Entwicklung und Digitalisierung

Die Entwicklung eines Astrofilms sollte (wenn nicht in Eigenregie) durch ein erfahrenes Fachlabor erfolgen. Diese sind im Zuge des starken Rückgangs der chemischen Fotografie leider rar geworden. In jedem Fall sollten die Mitarbeiter auf die Besonderheiten der Aufnahmen hingewiesen werden. Astronomische Filme dürfen zudem nicht bereits im Labor geschnitten werden.
Einer Durchsicht der Aufnahmen im Hinblick auf Ausleuchtung und Schärfe folgt die Überprüfung der sich überscheidenden Bereiche. Hier passte glücklicherweise alles, es ergaben sich keine Lücken zwischen den Ausschnitten. Für die Digitalisierung der Positive (oder Negative) muss nicht zwangsläufig auf den Dienst eines Fachlabors zurückgegriffen werden. Spezielle Geräte für den Scan von Kleinbildaufnahmen oder Flachbettscanner mit hochwertigen Gläsern und Durchlichteinheiten für Mittelformate sind mittlerweile durchaus erschwinglich. Zudem können die Einstellungen der Geräte bis zum gewünschten Ergebnis mehrfach verändert werden. In jedem Fall sollte die Software des Scanners in der Lage sein, unkomprimierte und somit verlustfreie Bilddateien wie Bitmap oder TIFF zu erzeugen. Ein Scan mit einer Farbtiefe von mehr als 8 Bit je Farbkanal sollte nur dann gewählt werden, wenn die für die anschließende Bearbeitung verwendete Bildsoftware dieses Format verarbeiten kann, und wenn sich die zu erwartenden Dateigrößen in einem hierfür zumutbaren Rahmen halten.
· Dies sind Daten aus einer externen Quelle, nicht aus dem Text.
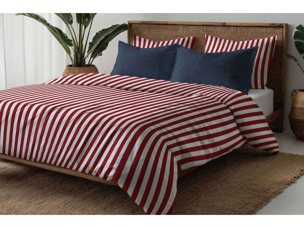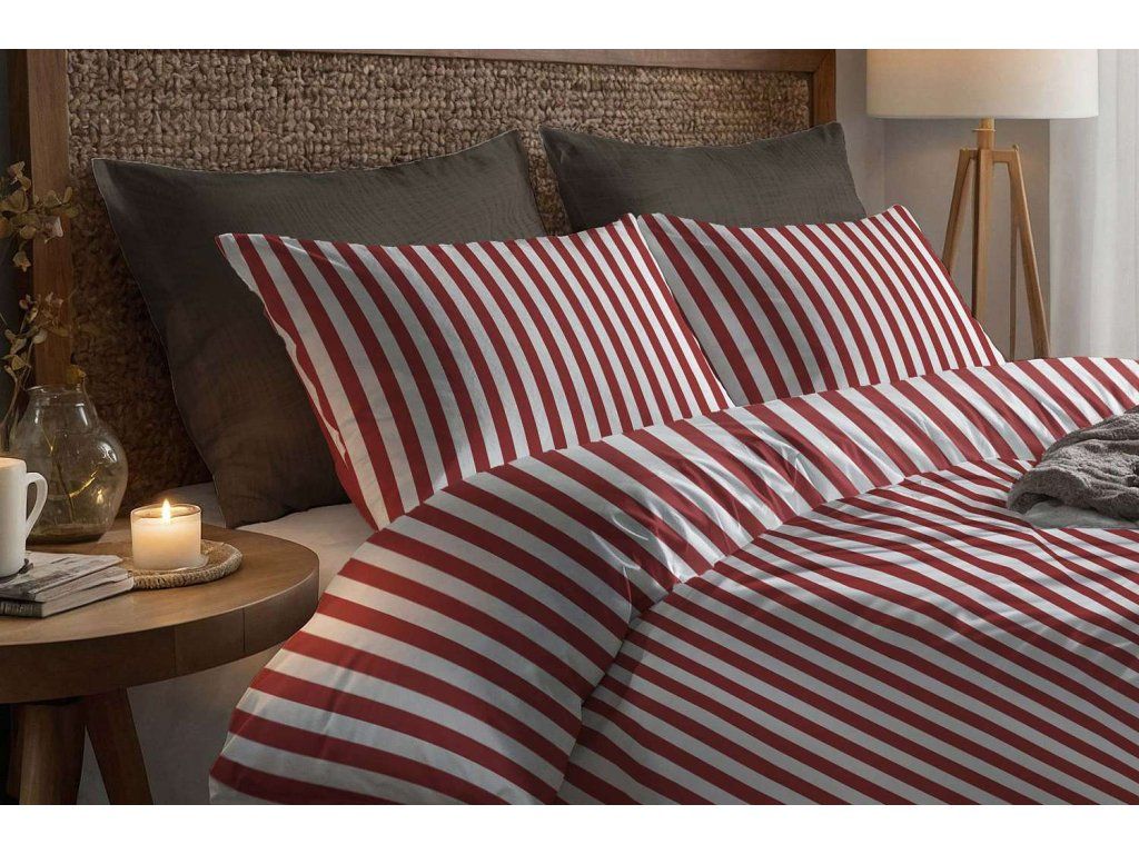 Bavlnené posteľné prádlo Pruhované - červené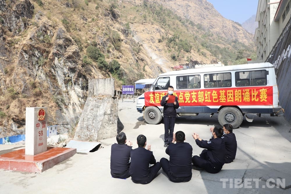中國(guó)西藏網(wǎng)訊 為提升完善四強(qiáng)黨支部建設(shè),豐富一線執(zhí)勤民警文化生活,1月27日,西藏自治區(qū)聶拉木出入境邊防檢查站友誼橋執(zhí)勤點(diǎn)在53號(hào)界碑旁舉行紅色基因朗誦比賽,為中國(guó)共產(chǎn)黨百年華誕獻(xiàn)禮。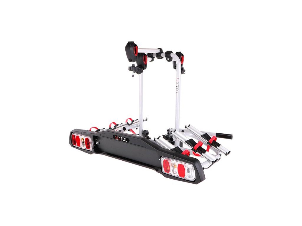 Spoľahlivý nosič bicyklov na upevnenie na guli ťažného zariadenia BIKE 3 pre 3 bicykle. Nosič je vyrobený z ocele a hliníka. Nosič disponuje jednoduchým systémom upevnenia, so sklápaním na prístup do kufra, s kompletne osvetleným panelom a miestom pre registračnú značku vozidla. Upevnenie kolesa do nosiča sa zaobíde bez náradia, vykonáva sa uchytením držiaka na rám a dotiahnutím pásikov na kolesách umiestnených na základni. Mechanizmus je uzamykací a nehrozí tak odcudzenie kolesa. Zaisťovacie koliesko na upevnenie bicykla je nutné dôkladne dotiahnuť, aby sa prekonal odpor preklzu v zamknutej polohe. Nosič je zhotovený z ocele a každá zo základní bicykla je z hliníka. Nosič je vybavený panelom s osvetlením a miestom na uchytenie registračnej značky (SPZ). Svetelný panel je pripojený k zásuvke ťažného zariadenia vozidla pomocou 13-pólového konektora a je vybavený kompletnými zadnými svietidlami, vrátane osvetlenia EČ (ŠPZ). Aj napriek veľkým rozmerom nosiča, je stále umožnený prístup do kufra a to vďaka dômyselnej konštrukcii a možnosti sklápania celého nosiča.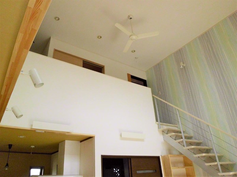 吹き抜けとスリット階段の効果で、明るくて開放的な大空間。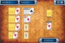 Osmosis, also known as Treasure Trove, is an interesting solitaire game played with a deck of 52 standard playing cards. Your goal in this game is to move all cards by suit regardless of ranks to the foundations. When the game starts, you will be given 4 vertically arranged reserve piles on the left of the screen. Each of these reserve piles has 3 face-down cards plus 1 face-up card on the top. In the middle of the screen are 4 vertically arranged foundations. 1 face-up card will be dealt to the top foundation as the starting rank, while the other foundations are empty. The remaining cards are placed face-down to the stock pile at the top right, and then 1 face-up card will be dealt to the discard pile underneath. The foundations are to be built by suit regardless of ranks. Note that the three empty foundations must begin with cards of the same rank as the first card of the top foundation, for example, if the first card of the top foundation is an 8 of hearts, the other foundations must also start with an 8. Cards in the foundations are fanned from left to right. After a card of the starting rank has been placed to an empty foundation, you can move a card to this foundation if a card of the same rank has already been placed in the foundation above it. For example, an 8 of spades has been moved to the second foundation, and in the top foundation are 8, 3 and J of hearts. In this case, you can move 3 and J of spades to the second foundation. Each time you can click and drag the top card from a reserve pile or the discard pile to the foundations. If you have run out of moves, you can click the stock pile to deal a new card to the discard pile. When the stock pile has run out of cards, you can click the empty stock pile to redeal. Play now and see how quickly you can collect all cards!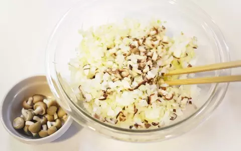 1.では早速作ってみましょう。まず、使用するきのこはお好みのものでOKです。(ちなみに今回は椎茸5個とシメジ半パックの合計100gを使用。)玉葱ときのこは細かいみじん切りにして大きめの耐熱ボールに入れます。飾り付けにきのこを使いたいので、傘の部分を取り置きしておきます。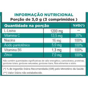 Suplemento Alimentar de Lisina, Zinco, Niacina, Ácido Pantotênico, Vitaminas C e B6 90 Comprimidos de 1000mg.A lisina é um aminoácido que pode ser utilizado no combate ao herpes.Sua função é inibir a ação da arginina, uma substância que atua a favor do herpes simples.O zinco contribui para a manutenção de cabelo, da pele e das unhas.A niacina auxilia na manutenção de mucosas.O ácido pantotênico auxilia no metabolismo energético.A vitamina C auxilia na formação do colágeno.A Vitamina B6, C e Zinco auxiliam no funcionamento do sistema imune.Modo de ingestão:Sugere-se a ingestão de 1 comprimido 3 vezes ao dia. Ingerir com líquido.Ingredientes:Cloridrato de lisina, polpa de acerola, polpa de romã, bisglicinato de zinco, niacinamida, ácido ascórbico, pantotenato de cálcio, cloridrato de piridoxina, agente de massa: celulose microcristalina, aroma idêntico ao natural de laranja com acerola, lubrificantes: estearato de magnésio e dióxido de silício, acidulante: ácido cítrico e edulcorantes: sorbitol, sucralose, stévia e taumatina. Cada comprimido contém 500 mg de cloridrato de lisina.Livre de lactose.Não contém glúten.Produto autorizado para comercialização em todo território nacional através da RDC 240/2018 da ANVISA, AFE do MS 6.02234-1

Für die Positive hier kam ein Flachbettscanner mit einer Auflösung von 3200ppi (nicht interpoliert) zum Einsatz, der die durch die Körnung des Films vorgegebene Grenze annähernd ausreizen konnte.

Bearbeitung

Für die Aufbereitung digitaler oder digitalisierter Aufnahmen sowie für die Kombination mehrerer Bilder wird am Markt eine ganze Reihe von Software angeboten. In diesem Fall kamen für die Überlagerung der Bilder Registar (Auriga Imaging) sowie für die Bearbeitung das bewährte Photoshop (Adobe Systems) zum Einsatz. Photoshop bietet unter anderem den Vorteil, auch bei enormen Dateigrößen noch die Verwaltung sowie die gesonderte Bearbeitung der sich im Laufe der Zusammenstellung des Gesamtbildes ergebenden unterschiedlichen Bildebenen zu ermöglichen. Die gleichmäßige Ausleuchtung des Gesamtbildes stand beim »Herz des Himmels« nicht im Vordergrund; vielmehr wurde, wie bereits bei den Scans darauf Wert gelegt, nicht alle Bereiche mit einer gleichmäßigen Helligkeit zu versehen. Ziel dabei war es, sowohl Strukturen in hellen Bereichen als auch schwache Nebel in dunkleren Bereichen zur Geltung bringen zu können.

Zahlen

Der Scan einer Einzelaufnahme ergab eine (8-Bit-) TIFF-Datei mit einer Größe von knapp über 100 Megabyte. Während der Bearbeitungszeit überschritt das Gesamtbild mehrfach eine Dateigröße von 2 Gigabyte, was selbst Photoshop an seine Grenzen brachte und die vorzeitige Verschmelzung einzelner Bildebenen erforderlich machte. Das nunmehr aus einer einzelnen Ebene bestehende Gesamtbild hat eine Dateigröße von »nur noch« etwa 750 Megabyte. Die Auflösung beträgt 15500×16500 Bildpunkte, was in etwa 255 Megapixel entspricht. Vielleicht wird es in ein paar Jahren digitale Kameras geben, welche ähnliche Auflösungen mit wenigen oder gar einer einzigen Aufnahme erreichen. Bis dahin gilt jedoch, zumindest für Panoramaaufnahmen: Es muss nicht immer CCD sein!